One attempt to do this is via the V8 sandbox, which is a rearchitecture of V8 to never directly generate a raw load instruction. Instead, all generated (JITed) code uses indices that are loaded relative to a base address stored in a specific register that is never loaded into memory, a variant of pointer swizzling. The V8 runtime then needs to enforce that any communication between the untrusted sandboxed region and trusted V8 runtime code is sanitized, and that there are no edges (function calls via pointer) that are functionally equivalent to arbitrary read or write.

If you assume bugs in V8 don’t cause V8 to generate arbitrary attacker-controlled assembly, but instead bugs in V8 still generate valid assembly, but assembly that makes incorrect assumptions about the underlying data its operating on, then the pointer swizzling approach is effectively a data sandbox. The memory region controlled by the JIT can stomp around itself all it wants, but the access are limited to defined range, limiting the weird machine to a constrained machine that’s computationally equivalent to anything you could already write in Javascript.

This looks very similar to the WebAssembly memory model on paper—all loads are limited to a bounded range¹¹. Worst case you stomp around your own data, but you probably had that capability anyway, since you control source.

The problem with these in-process sandboxes is that their implementations can still have bugs. The V8 sandbox, while a huge improvement in security, is (as of 2025), still not hardened enough to be considered a security boundary that would enable type confusion in V8 to be considered highly-mitigated and therefore only a medium severity bug in Chrome, rather than high severity. It also required touching nearly the entirety of V8, as all interactions need to be routed through new APIs that respect the security model. In a legacy C++ codebase, this is hard (or impossible?) to enforce at compile-time.

Even if V8 were in Rust, like Wasmtime, it would still be difficult to ensure the sandbox is bug-free, in the same way it’s difficult to ensure the compiler itself is bug-free. This isn’t a reason to not try to implement more security in JITs, particularly given the extremely low overhead of the sandbox (one add per load). But what can we do about this?

What are you gonna do, trap my syscalls?

Barring simply not JITing code, if we assume there can still be bugs in the JIT, we need hardware support to enforce the memory model that the in-process sandboxes are building. The way this works is the trusted runtime would designate regions of memory as sandboxed, and explicitly jump to those regions. Within the region, whenever the code attempts to access or jump to a non-sandboxed memory region, either directly (via a jmp, load, or store), or indirectly via a syscall, the hardware would trap and return control back to a handler in the trusted runtime, which would be responsible for validating the access.

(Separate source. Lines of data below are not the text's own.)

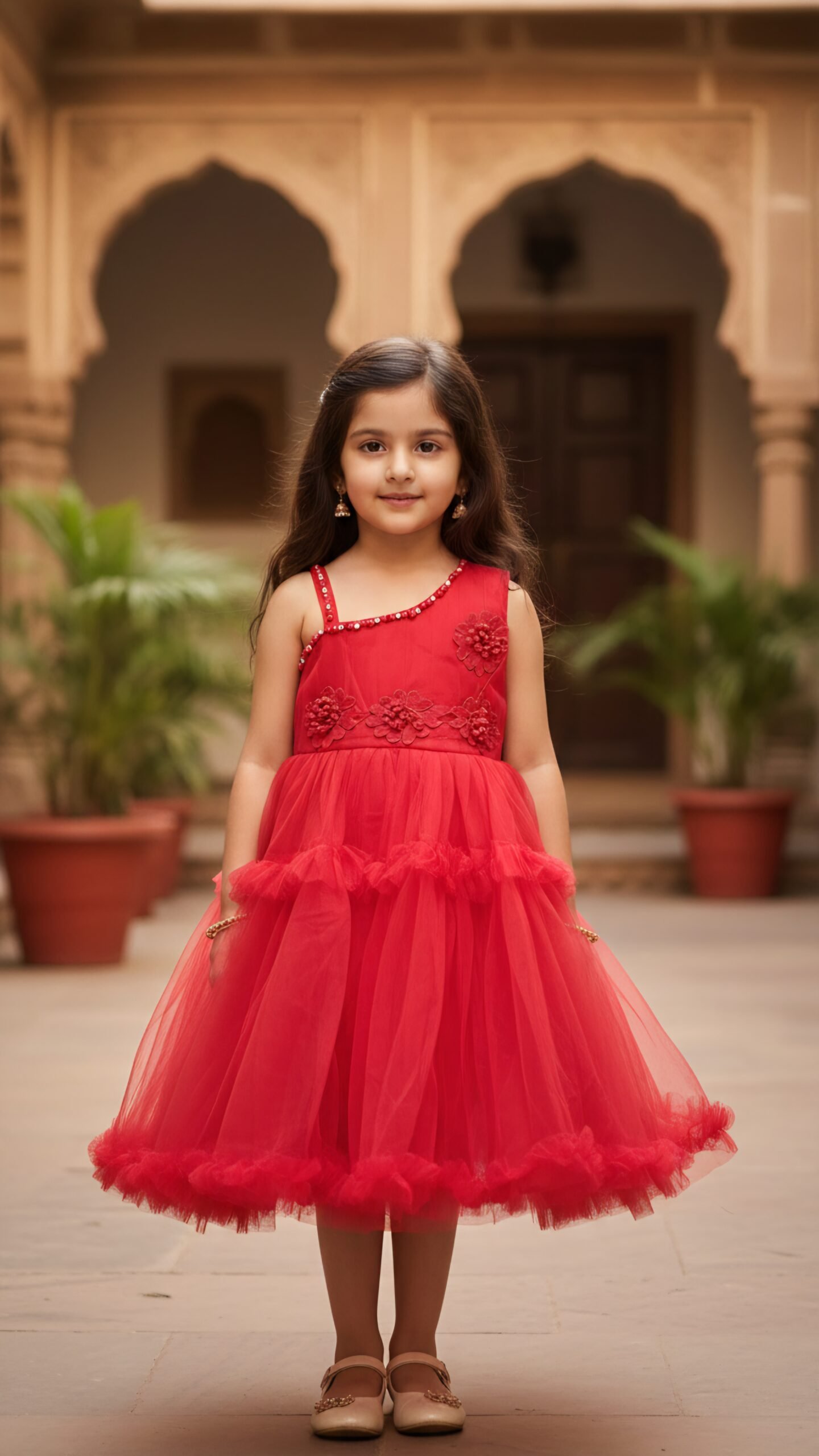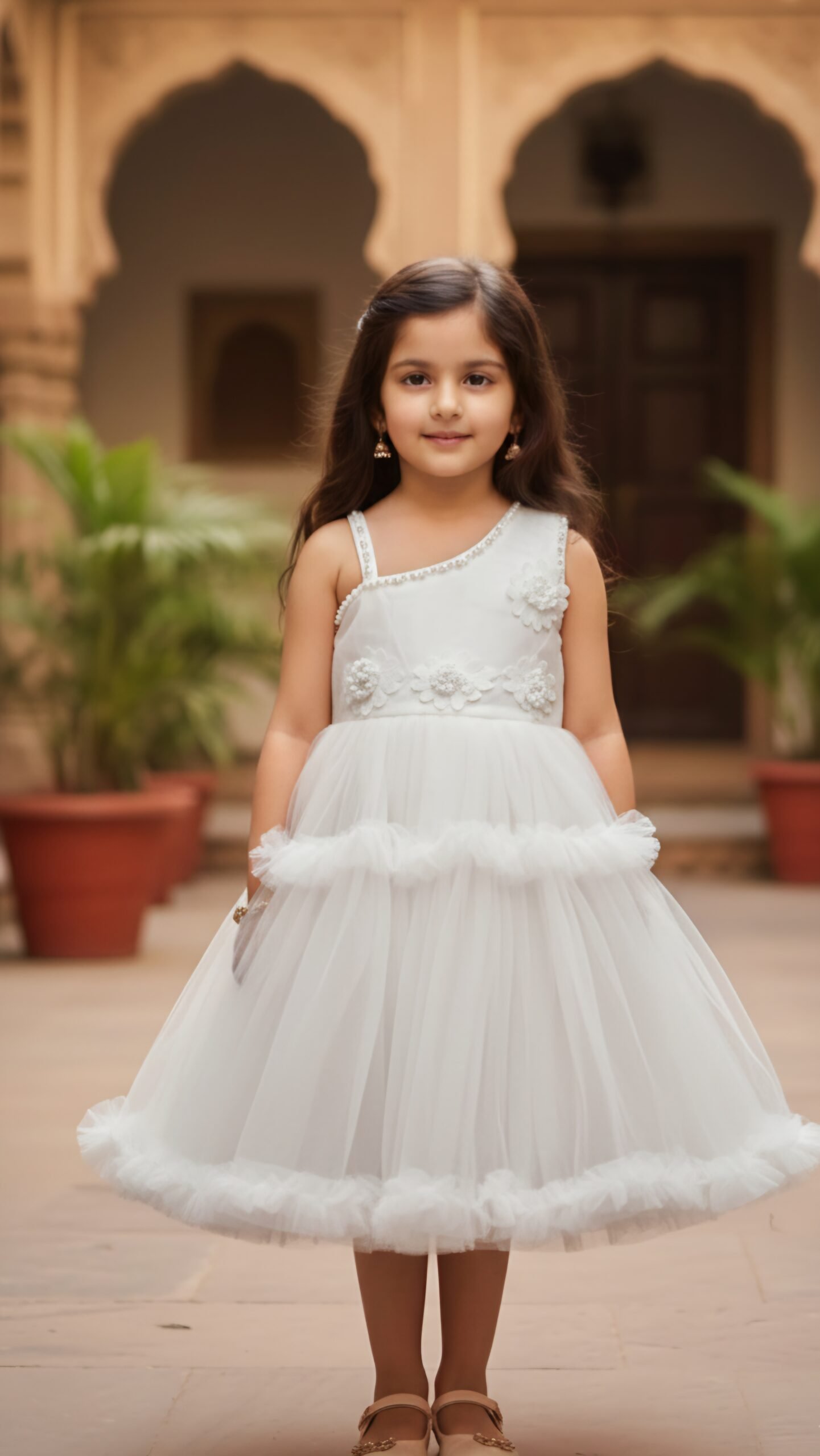 Designed to Dazzle The bodice features a unique asymmetric neckline adorned with a shimmering beaded strap that runs diagonally across the chest, adding a touch of sophisticated sparkle. Beautiful 3D floral appliqués cluster at the shoulder and waist, creating a garden-fresh look. The skirt is a masterpiece of volume, crafted from soft layers of premium net with tiered ruffles that create a beautiful bounce when she twirls.
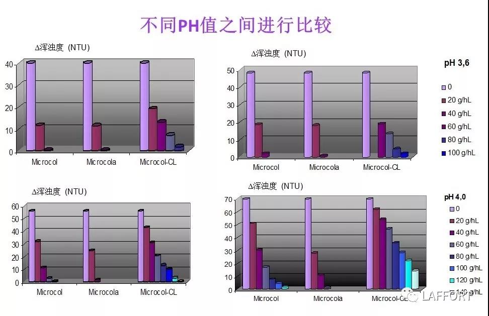 從以上四個(gè)圖表中我們可以看出,從pH=3,6開始Microcol ALPHA產(chǎn)品的吸附能力明顯要強(qiáng)于另外兩個(gè)產(chǎn)品。Microcol ALPHA產(chǎn)品可以吸附葡萄酒中含電荷數(shù)非常少的蛋白質(zhì)物質(zhì)。
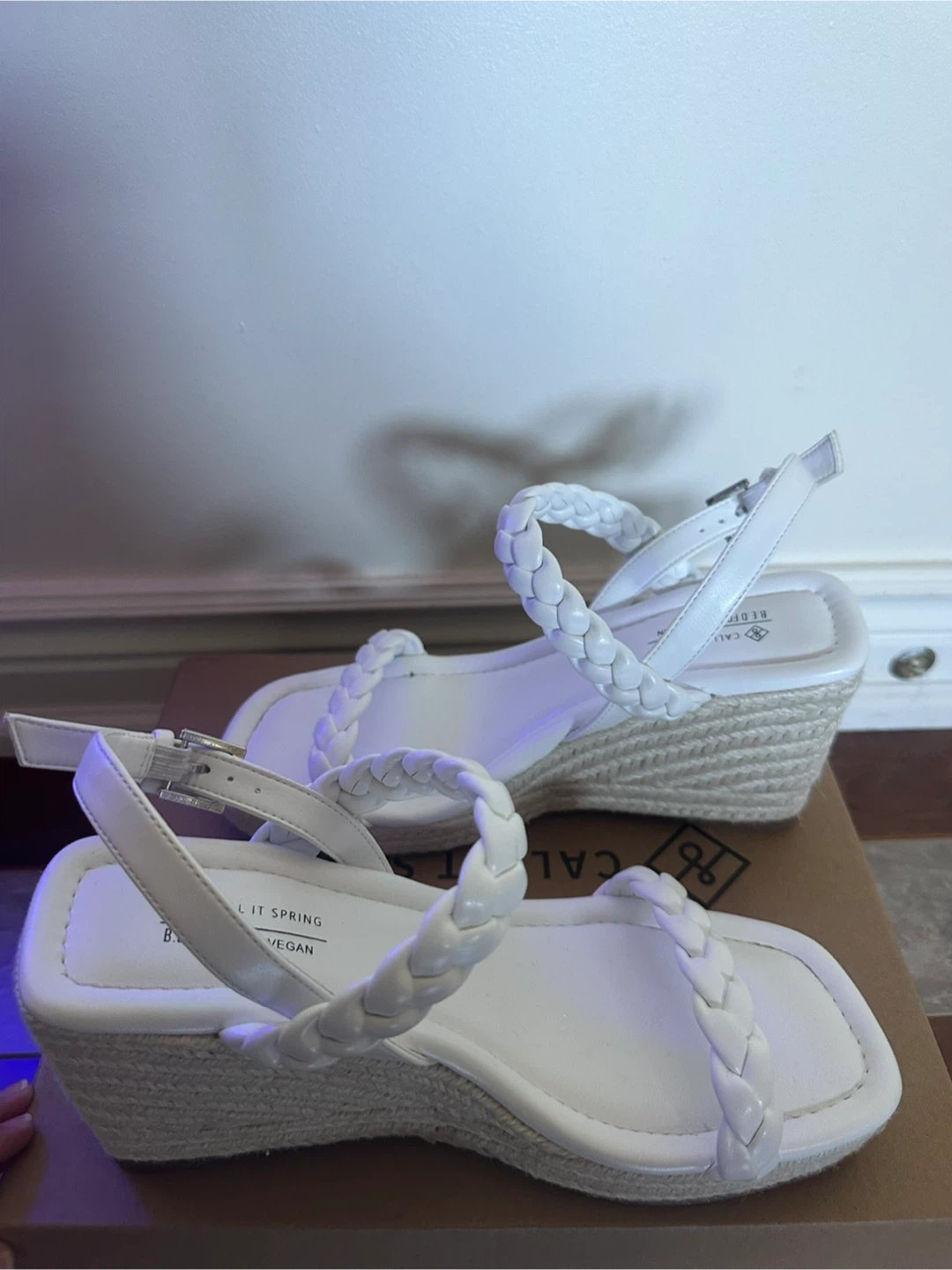 Stylish and super comfortable sandals. Worn only once, indoors for a few hours. Size 38 These are a cute pair of white wedge sandals from Call It Spring. They are vegan and have a braided strap detail. Comes with the original box!
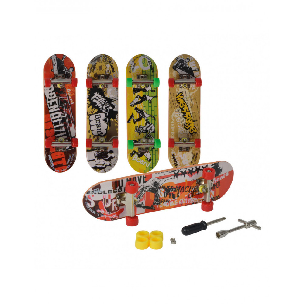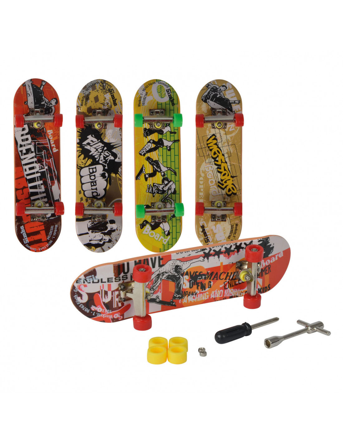 Met dit vingerskateboard van Simba stunt en race jij erop los met je vingers. Plaats je wijs- en middelvinger op het board en boarden maar! Het vingerskateboard heeft een stoere print en is ongeveer 9 centimeter groot. In de set zitten reservewieltjes die je met het bijgeleverde gereedschap en de schroefjes zelf kunt vervangen.
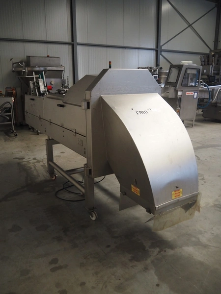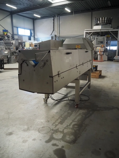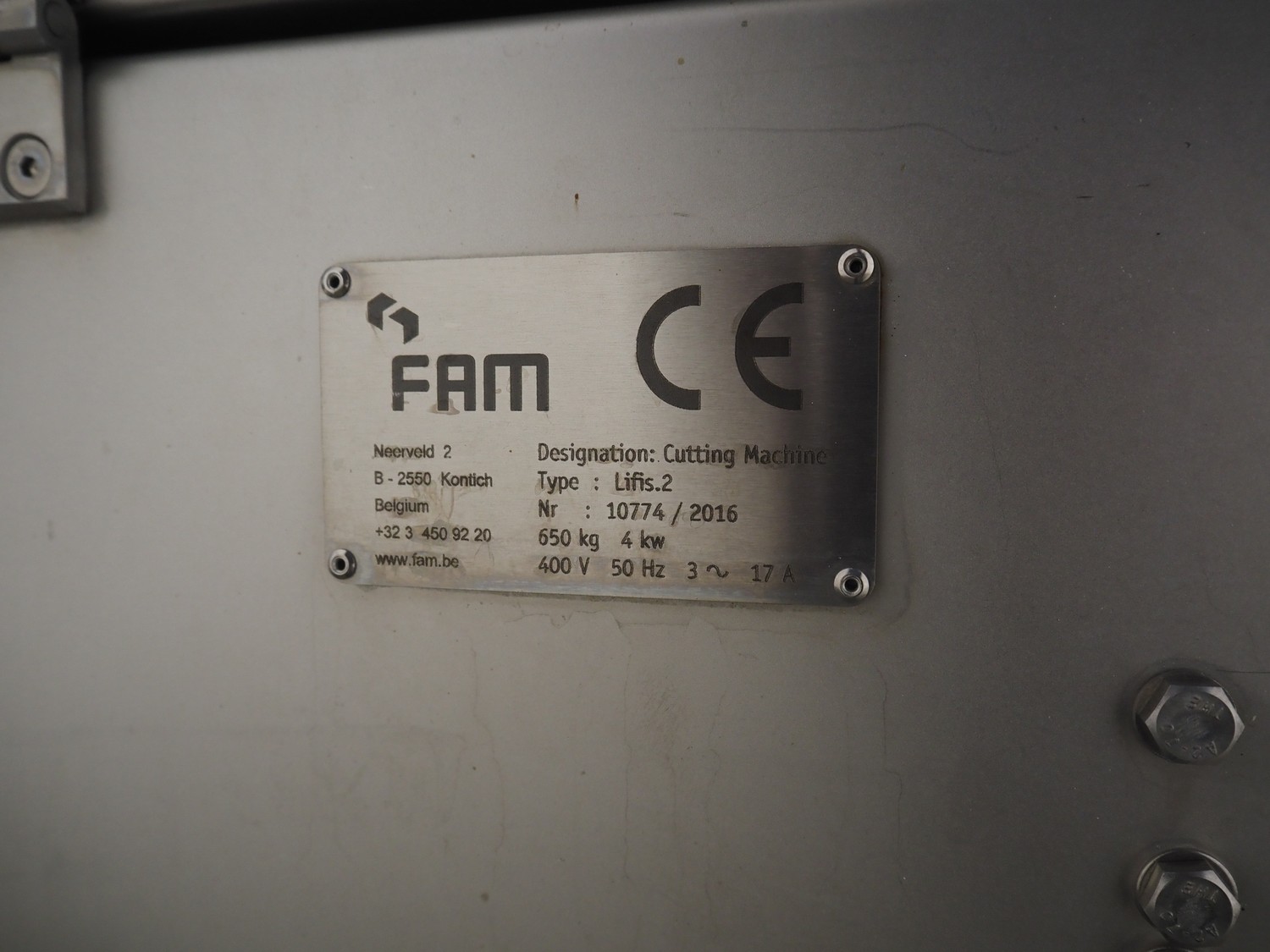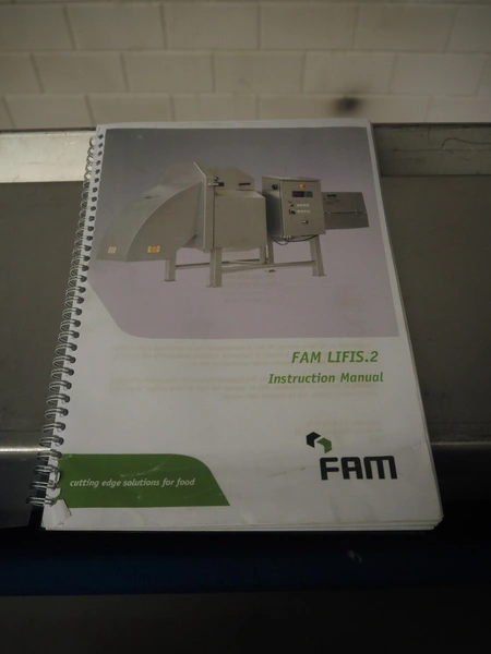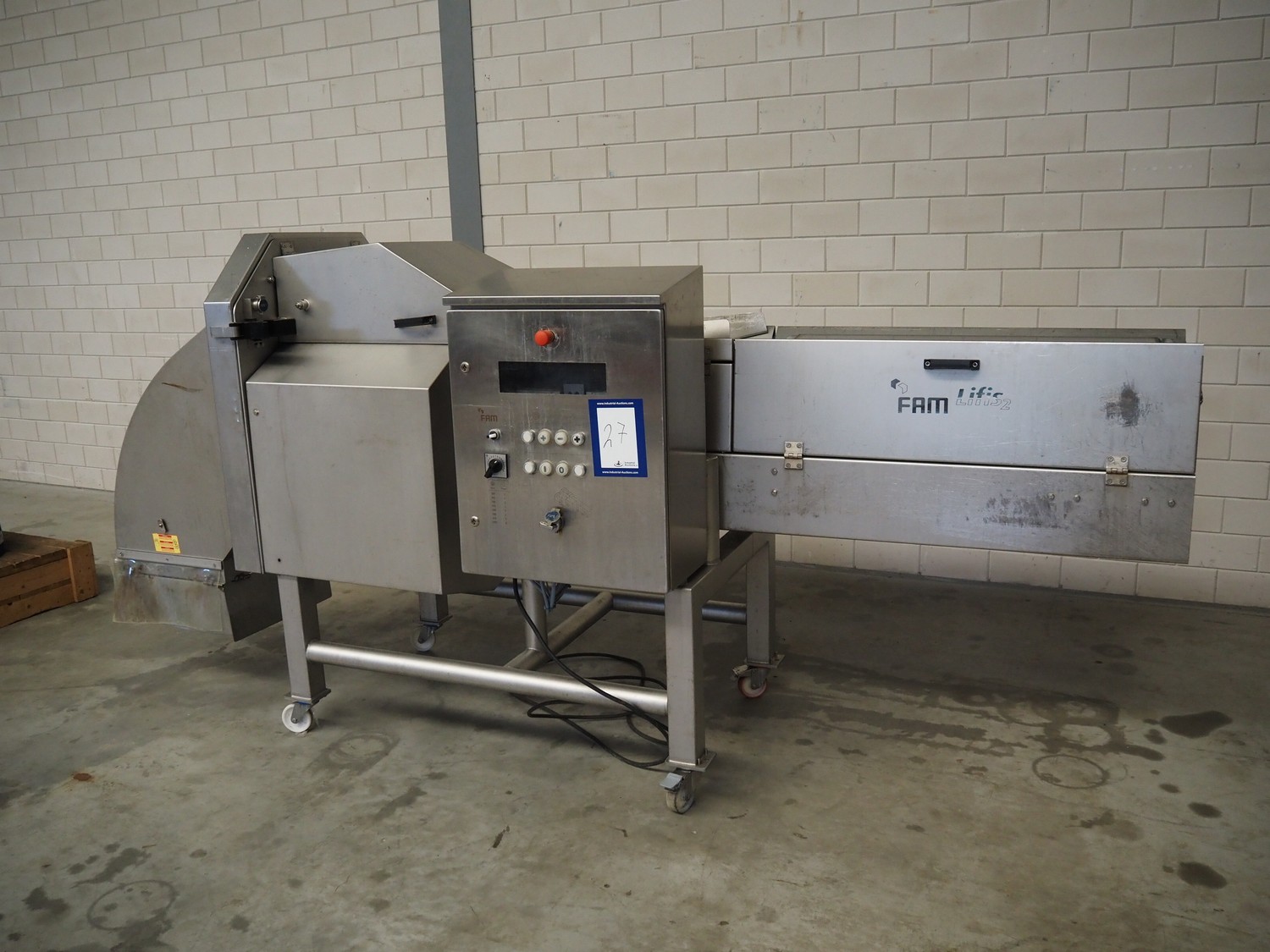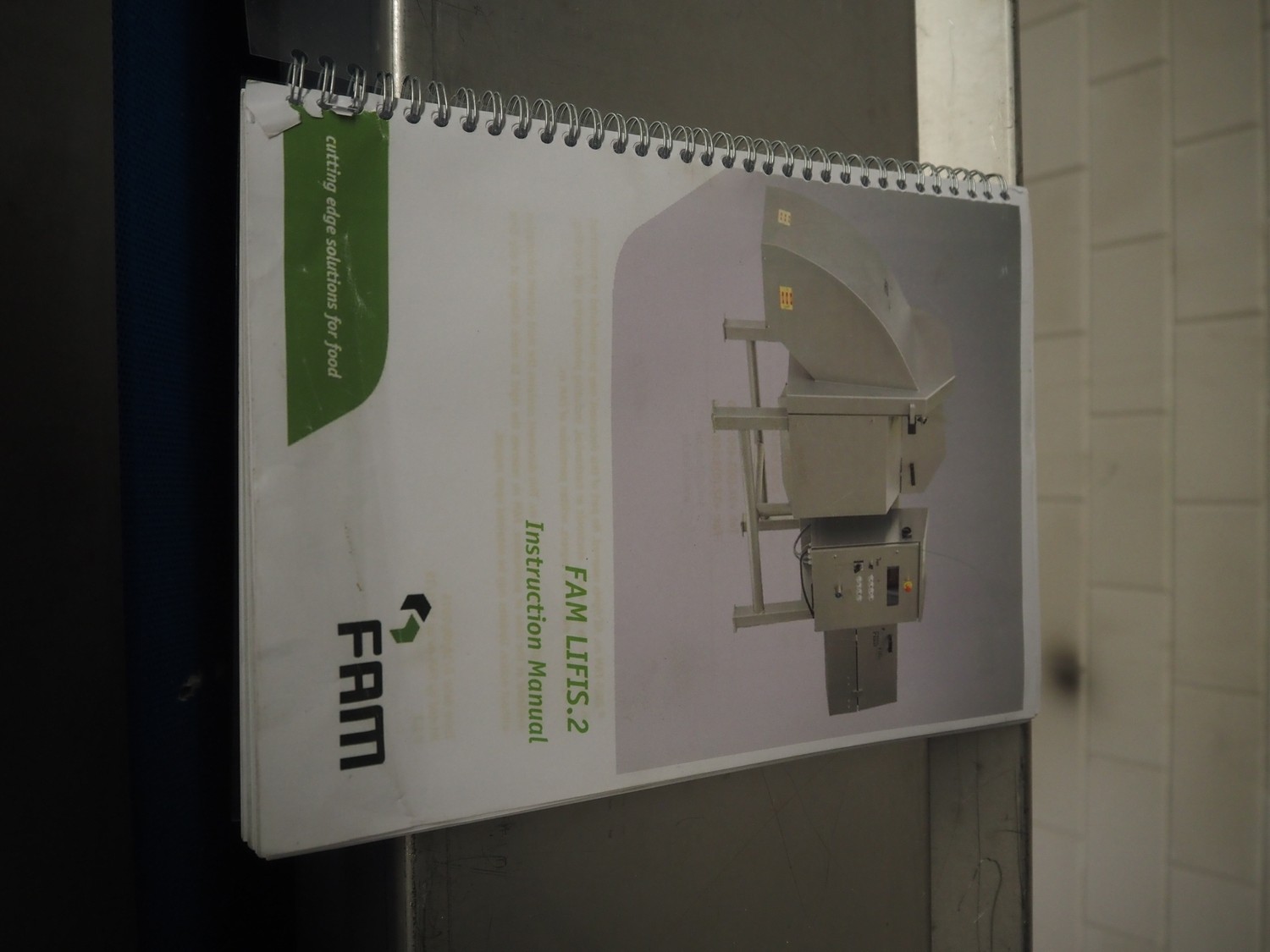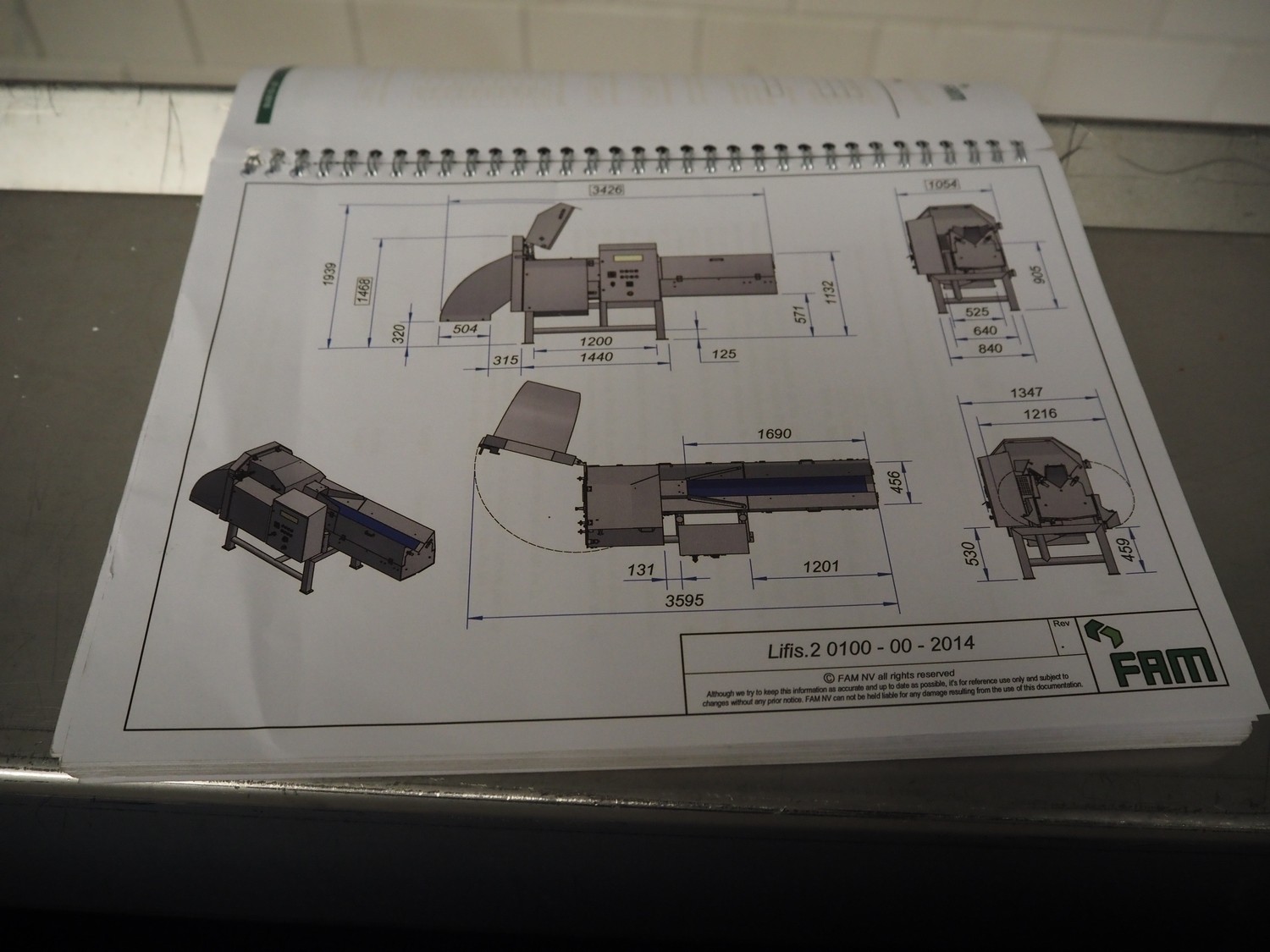 FAM mobile vegetable slicer, type: Lifis.2, number: 10774, year of construction: 2016, 400 V, 3 Ph, 50 Hz, 17 A, 4 kW, plastic belts, belt width: (2x) 140 mm, total dimensions: 3610 mm x 1280 mm x 1820 mm. Including extra knife, plastic belt and tools.

Fundamentally, this looks very similar to what MMUs do for the kernel/userspace boundary, but instead of trapping on a page fault and returning control to the kernel from userspace, the memory regions are more fine-grained and control returns to different userspace code. Another way to think about this is ARM’s “realms” (POE) extended to userland without context switches, rather than primarily being used for TrustZone / TEEs / TPMs.

This doesn’t mean JITs become magically safe—such a sandbox work best when paired with a code architecture that looks like the software V8 sandbox. Hardware support for in-process sandboxing enables the software sandbox catch errors at runtime when there’s a bug in the implementation of the memory model for the JIT generated code.

This approach risks bugs in the userspace handler for managing communication¹² between the JITed code and the runtime, however that code can be much smaller, written in a type-safe language, and potentially formally verified far easier than an entire JIT.

If I were hardware, I would simply isolate faults

Narayan et al. introduced hardware fault isolation (HFI) as a way to do hardware-assisted in-process isolation on x86 processors. Partnering with Intel, they were able to add instructions to designate “sandboxed” regions of both data memory and instruction memory, and trap accesses, effectively implementing the Wasm memory-model in hardware such that it can be leveraged by a runtime to perform in-process isolation. Unfortunately, these instructions so far only exist in Intel’s simulator, not on real hardware.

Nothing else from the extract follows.